→ Work required
Output each record verbatim, with pictures left out.

→ Records to use
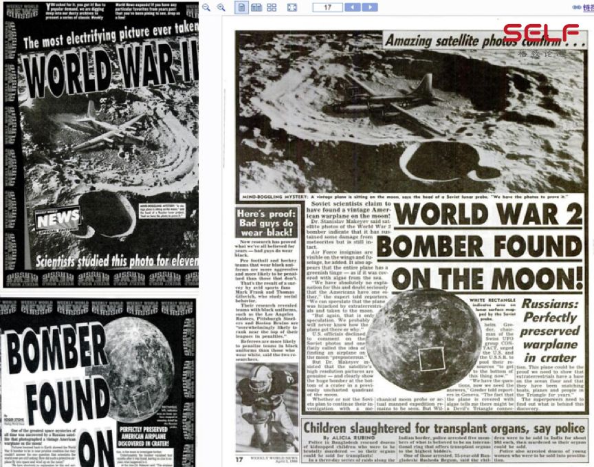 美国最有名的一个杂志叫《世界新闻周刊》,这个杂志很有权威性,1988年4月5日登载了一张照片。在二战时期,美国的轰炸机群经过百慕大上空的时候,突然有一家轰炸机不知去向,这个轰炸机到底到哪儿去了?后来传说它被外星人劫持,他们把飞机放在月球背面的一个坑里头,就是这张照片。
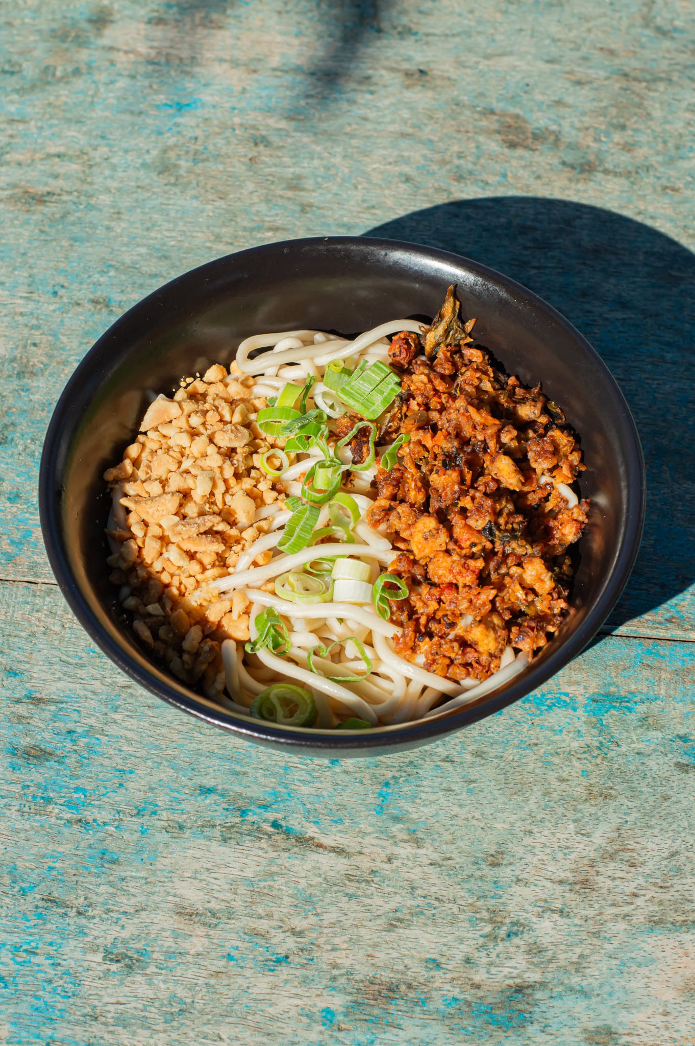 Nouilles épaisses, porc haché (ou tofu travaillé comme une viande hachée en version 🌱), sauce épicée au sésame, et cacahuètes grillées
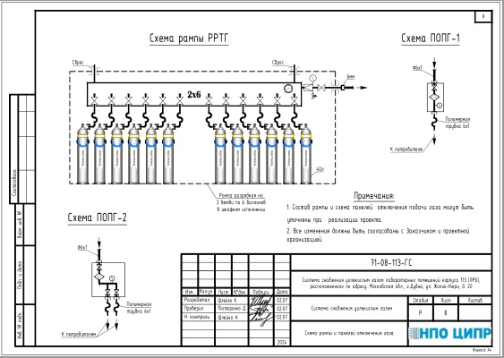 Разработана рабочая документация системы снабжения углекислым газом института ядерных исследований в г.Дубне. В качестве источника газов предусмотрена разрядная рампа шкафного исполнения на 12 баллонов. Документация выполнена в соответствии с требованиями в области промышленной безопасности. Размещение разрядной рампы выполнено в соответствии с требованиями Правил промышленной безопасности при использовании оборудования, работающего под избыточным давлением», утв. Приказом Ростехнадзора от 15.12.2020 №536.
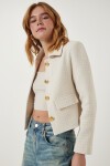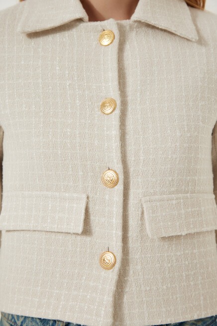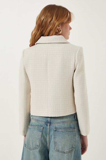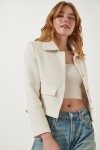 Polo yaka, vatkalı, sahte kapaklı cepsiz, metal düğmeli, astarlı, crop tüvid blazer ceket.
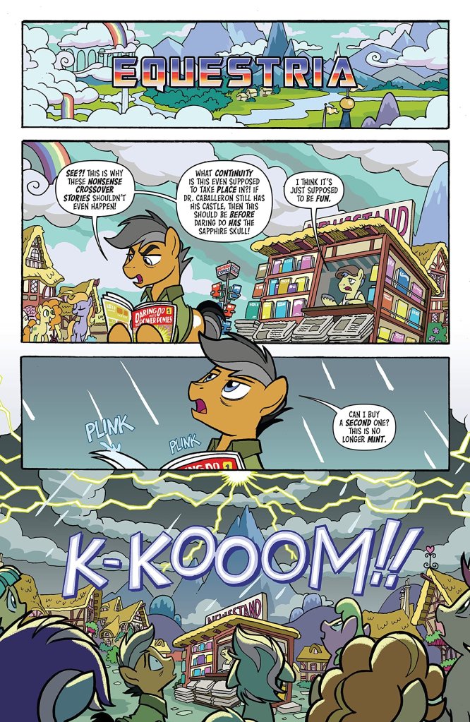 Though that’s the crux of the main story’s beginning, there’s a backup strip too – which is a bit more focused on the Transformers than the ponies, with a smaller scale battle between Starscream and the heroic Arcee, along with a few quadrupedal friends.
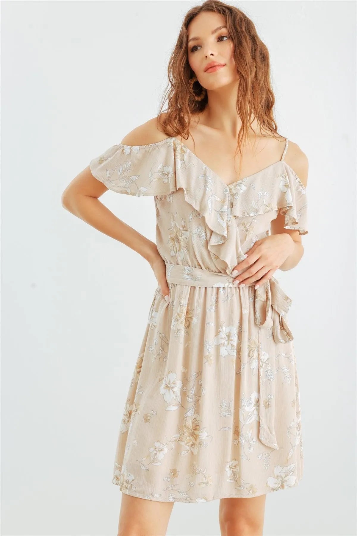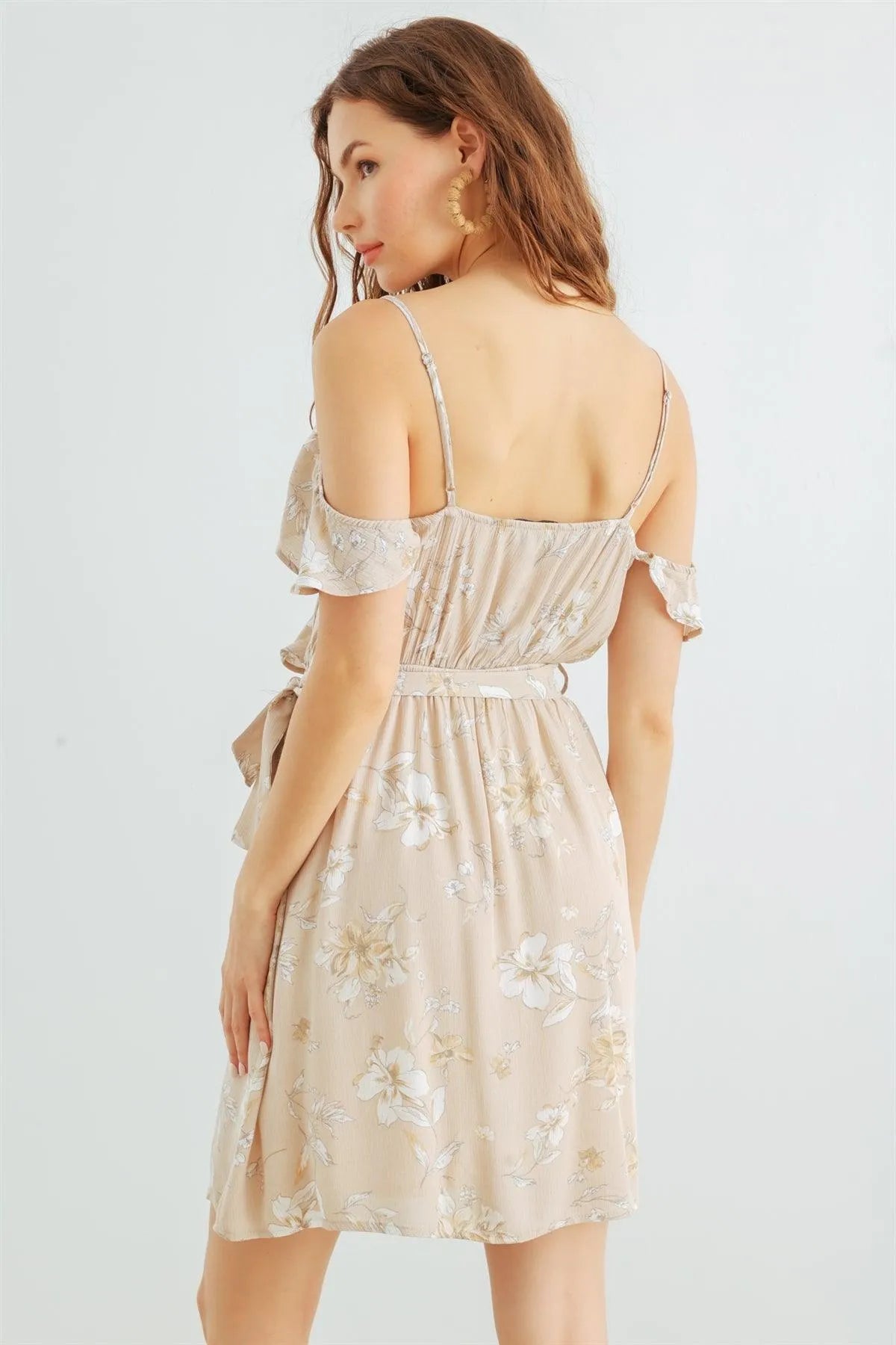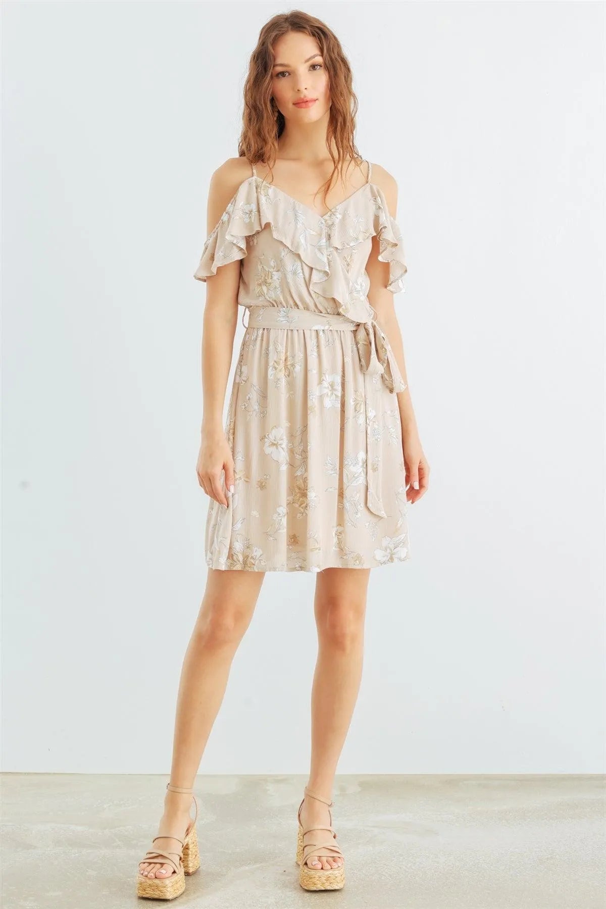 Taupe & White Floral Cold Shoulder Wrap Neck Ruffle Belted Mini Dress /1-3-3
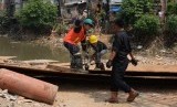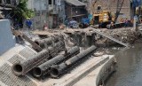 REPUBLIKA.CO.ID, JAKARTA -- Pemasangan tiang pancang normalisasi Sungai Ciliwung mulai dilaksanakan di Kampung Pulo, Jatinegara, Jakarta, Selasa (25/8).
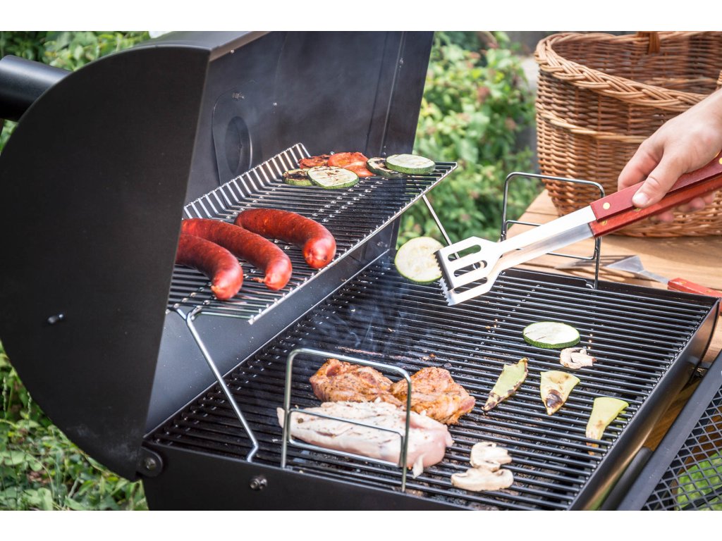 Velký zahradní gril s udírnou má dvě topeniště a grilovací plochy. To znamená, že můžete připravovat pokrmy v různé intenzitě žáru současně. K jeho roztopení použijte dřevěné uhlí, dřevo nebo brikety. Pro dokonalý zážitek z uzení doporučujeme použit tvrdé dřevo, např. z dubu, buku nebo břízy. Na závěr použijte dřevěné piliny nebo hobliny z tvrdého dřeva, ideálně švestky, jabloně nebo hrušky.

→ Exercise result
 美国最有名的一个杂志叫《世界新闻周刊》,这个杂志很有权威性,1988年4月5日登载了一张照片。在二战时期,美国的轰炸机群经过百慕大上空的时候,突然有一家轰炸机不知去向,这个轰炸机到底到哪儿去了?后来传说它被外星人劫持,他们把飞机放在月球背面的一个坑里头,就是这张照片。
 Nouilles épaisses, porc haché (ou tofu travaillé comme une viande hachée en version 🌱), sauce épicée au sésame, et cacahuètes grillées
 Разработана рабочая документация системы снабжения углекислым газом института ядерных исследований в г.Дубне. В качестве источника газов предусмотрена разрядная рампа шкафного исполнения на 12 баллонов. Документация выполнена в соответствии с требованиями в области промышленной безопасности. Размещение разрядной рампы выполнено в соответствии с требованиями Правил промышленной безопасности при использовании оборудования, работающего под избыточным давлением», утв. Приказом Ростехнадзора от 15.12.2020 №536.
 Polo yaka, vatkalı, sahte kapaklı cepsiz, metal düğmeli, astarlı, crop tüvid blazer ceket.
 Though that’s the crux of the main story’s beginning, there’s a backup strip too – which is a bit more focused on the Transformers than the ponies, with a smaller scale battle between Starscream and the heroic Arcee, along with a few quadrupedal friends.
 Taupe & White Floral Cold Shoulder Wrap Neck Ruffle Belted Mini Dress /1-3-3
 REPUBLIKA.CO.ID, JAKARTA -- Pemasangan tiang pancang normalisasi Sungai Ciliwung mulai dilaksanakan di Kampung Pulo, Jatinegara, Jakarta, Selasa (25/8).
 Velký zahradní gril s udírnou má dvě topeniště a grilovací plochy. To znamená, že můžete připravovat pokrmy v různé intenzitě žáru současně. K jeho roztopení použijte dřevěné uhlí, dřevo nebo brikety. Pro dokonalý zážitek z uzení doporučujeme použit tvrdé dřevo, např. z dubu, buku nebo břízy. Na závěr použijte dřevěné piliny nebo hobliny z tvrdého dřeva, ideálně švestky, jabloně nebo hrušky.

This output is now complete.